* **EXERCISE INSTRUCTIONS**: Starting at the line that contains "Amalio (sired by", transcribe every remaining line of the data below exactly, and omit all pictures.

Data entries
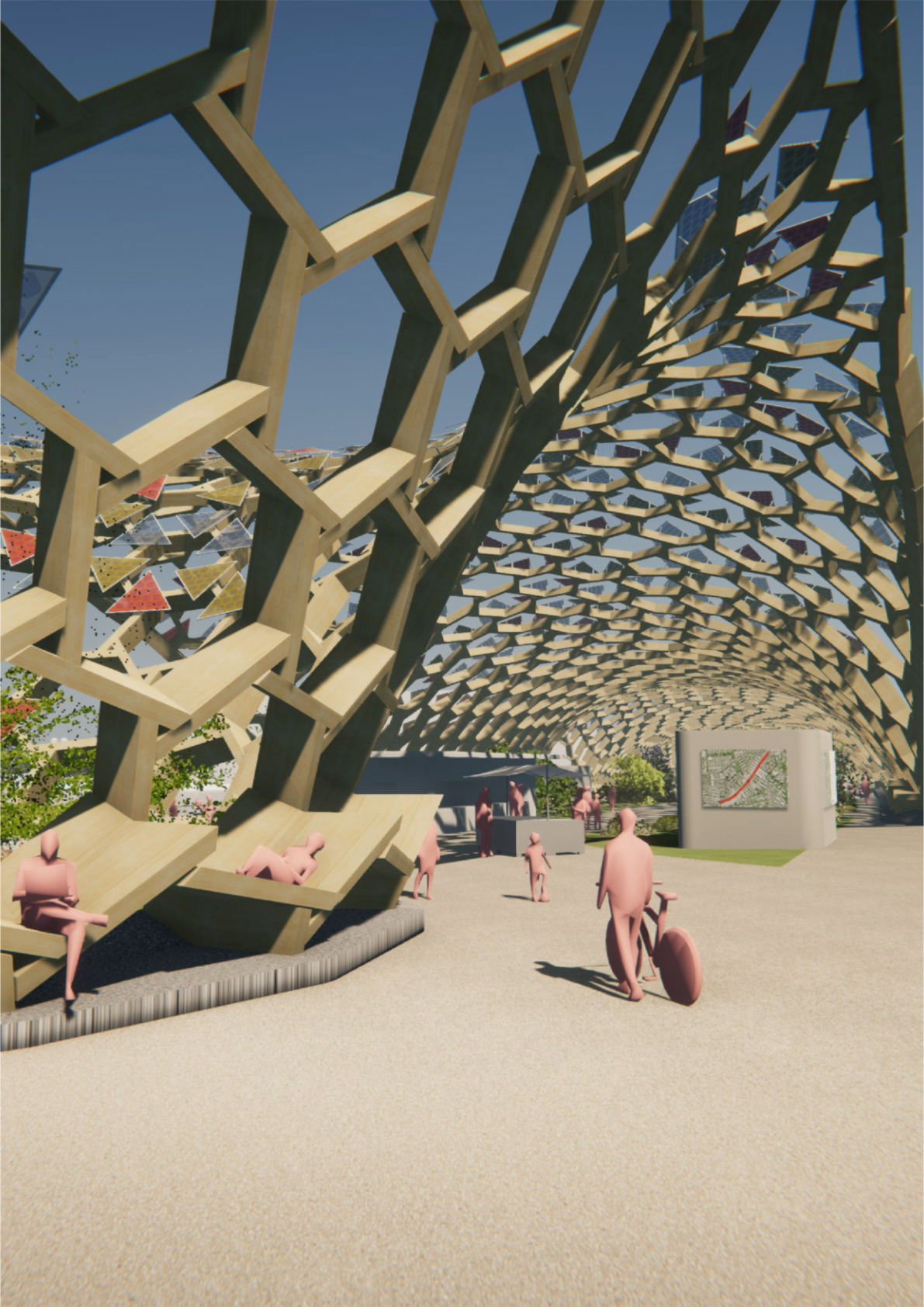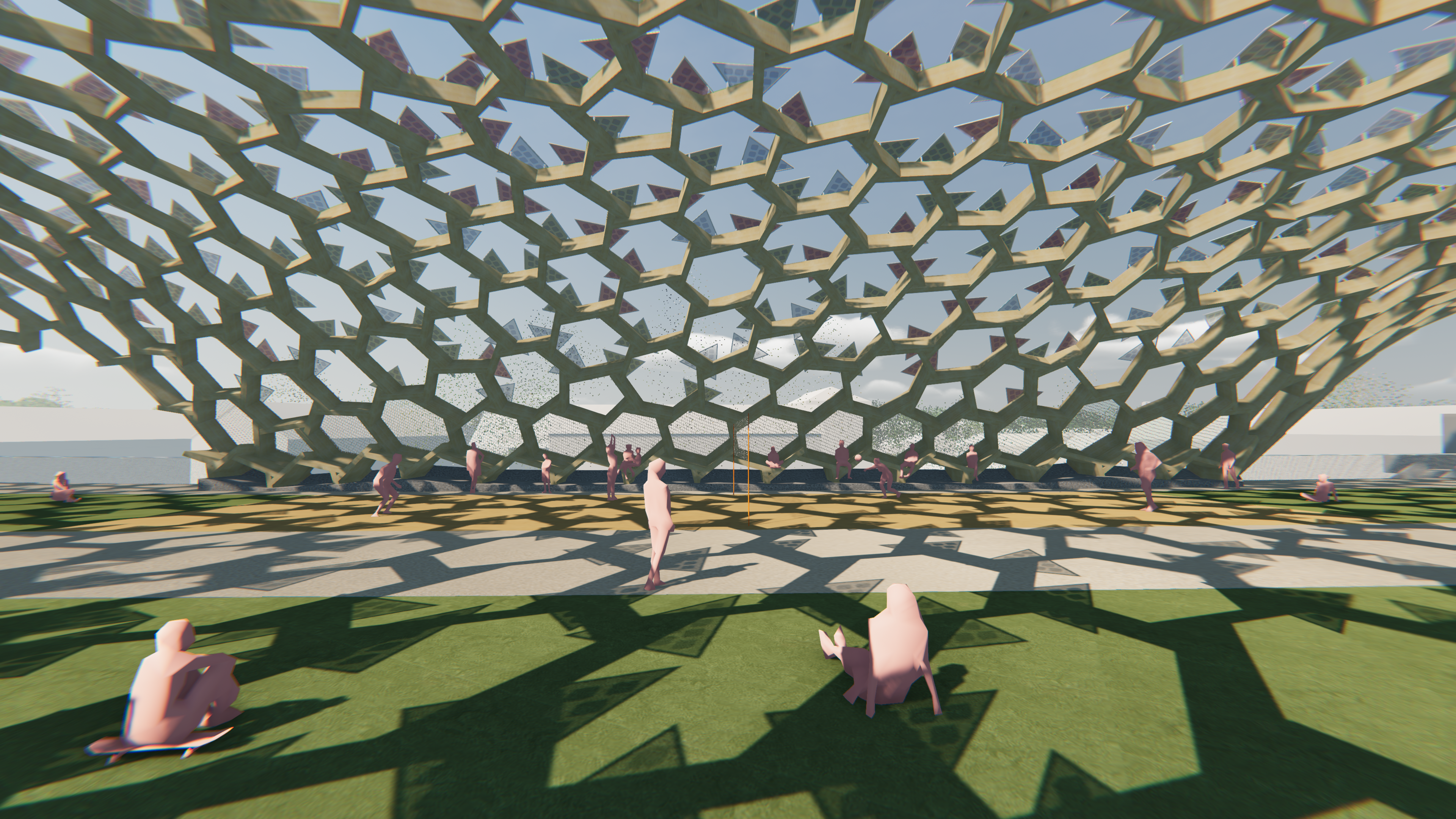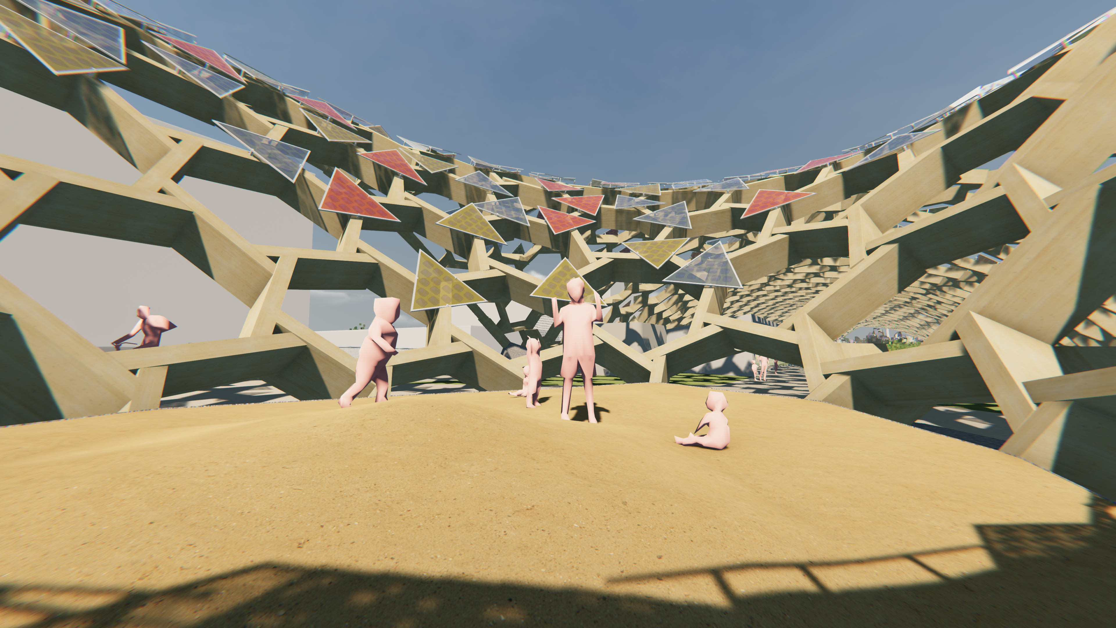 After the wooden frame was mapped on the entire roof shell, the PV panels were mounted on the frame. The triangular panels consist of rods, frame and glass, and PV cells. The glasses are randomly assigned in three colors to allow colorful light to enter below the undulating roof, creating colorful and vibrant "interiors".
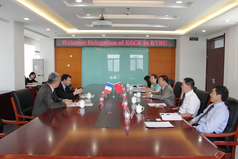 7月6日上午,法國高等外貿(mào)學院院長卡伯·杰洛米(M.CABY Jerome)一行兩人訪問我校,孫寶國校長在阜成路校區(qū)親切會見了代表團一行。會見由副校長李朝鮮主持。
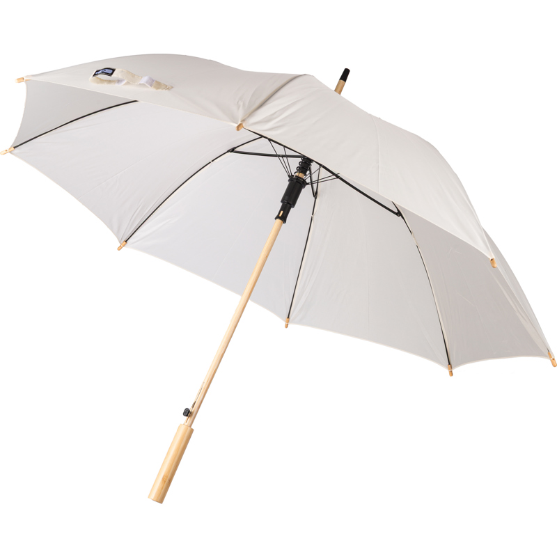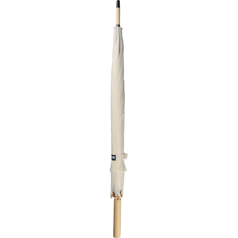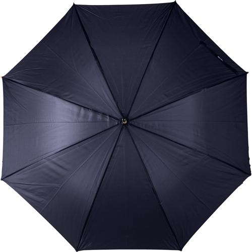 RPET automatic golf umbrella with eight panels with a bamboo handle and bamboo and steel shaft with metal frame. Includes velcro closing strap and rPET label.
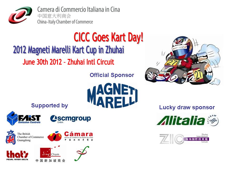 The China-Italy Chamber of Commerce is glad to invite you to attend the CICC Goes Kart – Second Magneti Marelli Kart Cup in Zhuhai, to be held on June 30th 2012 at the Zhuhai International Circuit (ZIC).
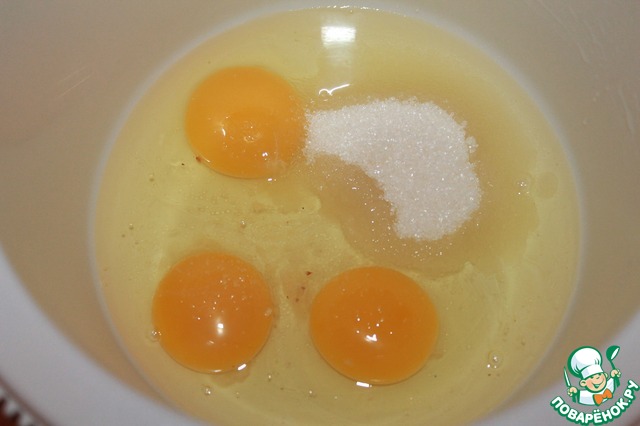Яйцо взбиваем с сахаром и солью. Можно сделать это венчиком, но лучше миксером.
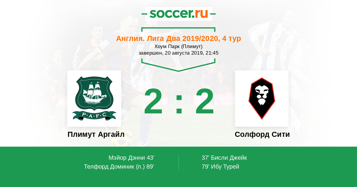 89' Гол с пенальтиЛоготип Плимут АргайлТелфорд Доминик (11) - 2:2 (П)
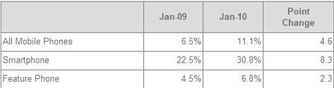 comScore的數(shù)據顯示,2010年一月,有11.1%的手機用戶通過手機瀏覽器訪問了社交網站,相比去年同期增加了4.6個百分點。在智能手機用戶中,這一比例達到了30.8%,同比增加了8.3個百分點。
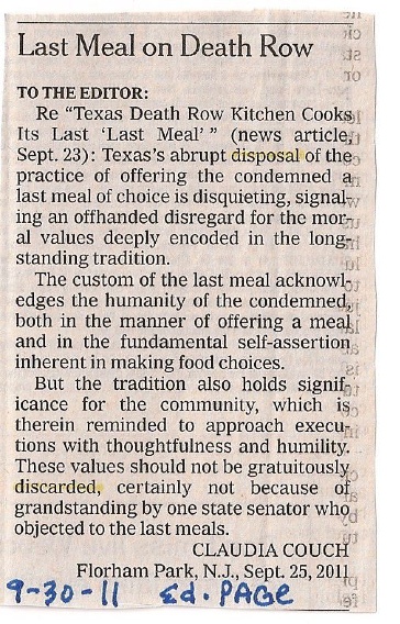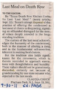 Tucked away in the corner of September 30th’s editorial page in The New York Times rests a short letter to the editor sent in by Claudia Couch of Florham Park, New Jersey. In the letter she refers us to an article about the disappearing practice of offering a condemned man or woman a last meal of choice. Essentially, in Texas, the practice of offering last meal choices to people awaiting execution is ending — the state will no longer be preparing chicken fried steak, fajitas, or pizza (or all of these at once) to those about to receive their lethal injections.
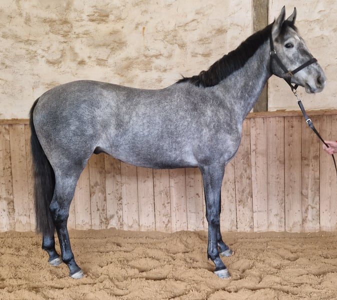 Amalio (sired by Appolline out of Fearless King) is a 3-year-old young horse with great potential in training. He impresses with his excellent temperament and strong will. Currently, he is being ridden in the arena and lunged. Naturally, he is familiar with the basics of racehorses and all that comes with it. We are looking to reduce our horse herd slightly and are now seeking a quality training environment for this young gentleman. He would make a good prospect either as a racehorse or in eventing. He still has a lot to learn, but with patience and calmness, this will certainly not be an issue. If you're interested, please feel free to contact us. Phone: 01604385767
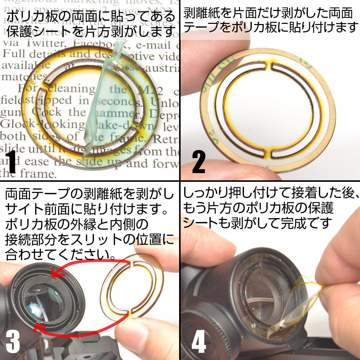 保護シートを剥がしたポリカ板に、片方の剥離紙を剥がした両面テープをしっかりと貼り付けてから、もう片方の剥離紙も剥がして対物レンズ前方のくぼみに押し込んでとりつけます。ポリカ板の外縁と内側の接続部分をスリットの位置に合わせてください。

* **COMPLETED EXERCISE**:
 Amalio (sired by Appolline out of Fearless King) is a 3-year-old young horse with great potential in training. He impresses with his excellent temperament and strong will. Currently, he is being ridden in the arena and lunged. Naturally, he is familiar with the basics of racehorses and all that comes with it. We are looking to reduce our horse herd slightly and are now seeking a quality training environment for this young gentleman. He would make a good prospect either as a racehorse or in eventing. He still has a lot to learn, but with patience and calmness, this will certainly not be an issue. If you're interested, please feel free to contact us. Phone: 01604385767
 保護シートを剥がしたポリカ板に、片方の剥離紙を剥がした両面テープをしっかりと貼り付けてから、もう片方の剥離紙も剥がして対物レンズ前方のくぼみに押し込んでとりつけます。ポリカ板の外縁と内側の接続部分をスリットの位置に合わせてください。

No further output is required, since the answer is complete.